Steve, isn’t the datum that financial/litigation issues are outweighing the actual preferences of women for birth experiences that they control indicative of absolutely why this is a “whole of society” issue?
When my family recently went back to Old South Wales we were able to show the kids not only where their daddy used to live but the window of the bedroom he was born in. Before the mid-50s the majority of Western births were home-births.
Having had complicated births myself I’m a big fan of having high powered technical intervention available for the occasions it is needed. But most women simply do not need to go high-tech, and there are proven hormonal/neuronal postpartum benefits to both mother and child when high-tech intervention is avoided when unnecessary.

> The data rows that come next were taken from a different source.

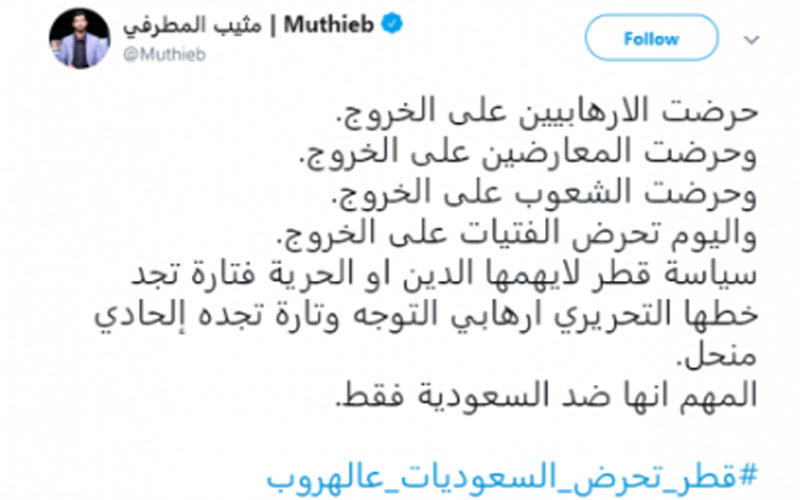 وذكر حساب الإعلامي مثيب المطرفي أن هذه هي عادة الجزيرة دوما فهي "حرضت الإرهابيين المعارضين للشعوب على الخروج، على أنظمة الحكم في دولهم وإثارة الفوضى واليوم تحرض الفتيات على الخروج".
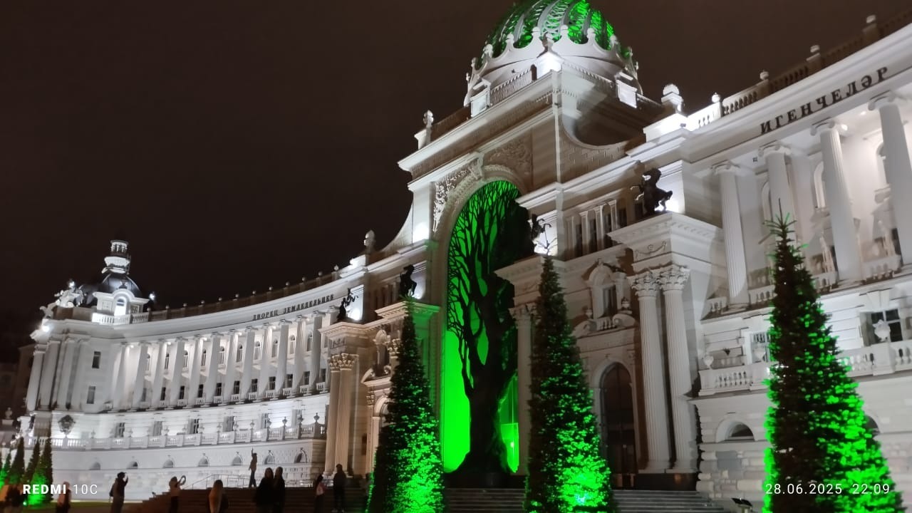 …Ночная Казань великолепна. Разноцветная иллюминация словно погружает в сказку, вызывает ощущение праздничного волшебства и чуда. Это хочется видеть снова и снова. Искусство ночной подсветки придаёт старинным и современным постройкам монументальный и неповторимый вид. Подсвеченные грани строений в общей картине с многочисленными уличными фонарями и сверкающими фонтанами со световыми эффектами великолепно смотрятся и завораживают.
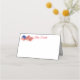 This folded name place card is shown in white with a festive July Fourth Flag print.
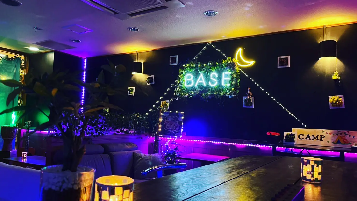 西院駅から徒歩5分の場所にある隠れ家BAR & spice curry BASEは、地下ならではの音響環境を活かしたイベントが楽しめる貸切バーです。BGMの音量を上げやすく、ライブイベントや交流会、ゲーム大会など幅広い用途に対応しています。製氷機が使い放題で、調理器具や食器類も充実しており、本格的なパーティー演出が可能です。
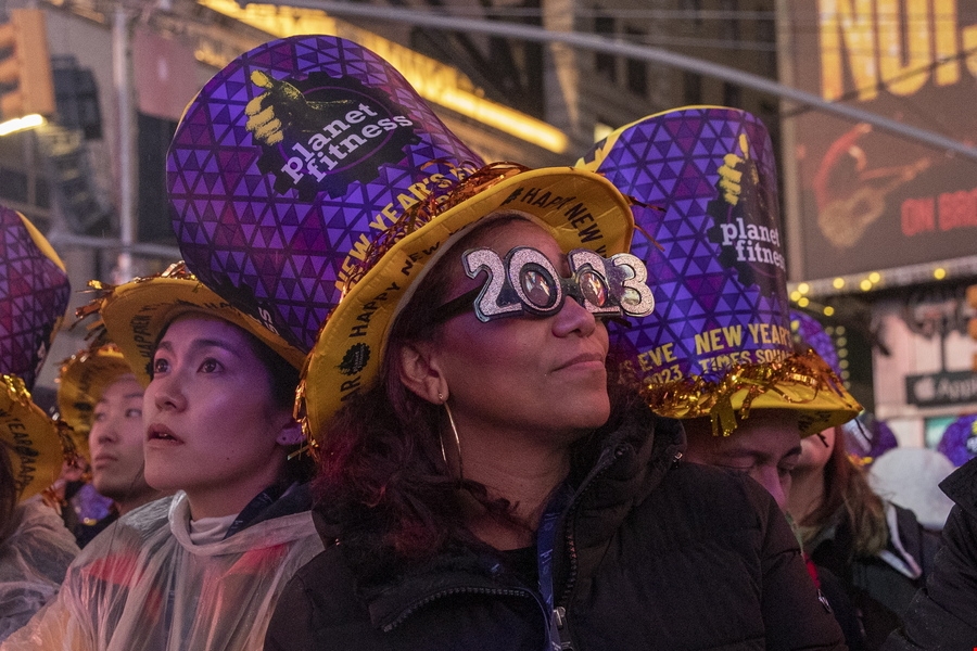 Στη Νέα Υόρκη πολλοί ήταν αυτοί που αψήφησαν το κρύο και τη βροχή και συγκεντρώθηκαν στην Τάιμς Σκουέρ για να μετρήσουν ανάποδα για την έλευση της νέας χρονιάς και να παρακολουθήσουν από κοντά την πτώση της μπάλας που σηματοδοτεί την αλλαγή του χρόνου, ένα έθιμο που ξεκίνησε το 1907.

It is exactly those benefits which are tromped on by a financial/litigation decision that caesareans are preferred by the medical providers.
I really can’t see the what the relevance of bringing up the dubious legal treatment of a woman in the US in 1987 has to the claims being made about how pregnant women in Australia currently get a raw deal. After all, the US is far and away the most litigious society in the world and is notoriously hung up about “fetus’ rights”.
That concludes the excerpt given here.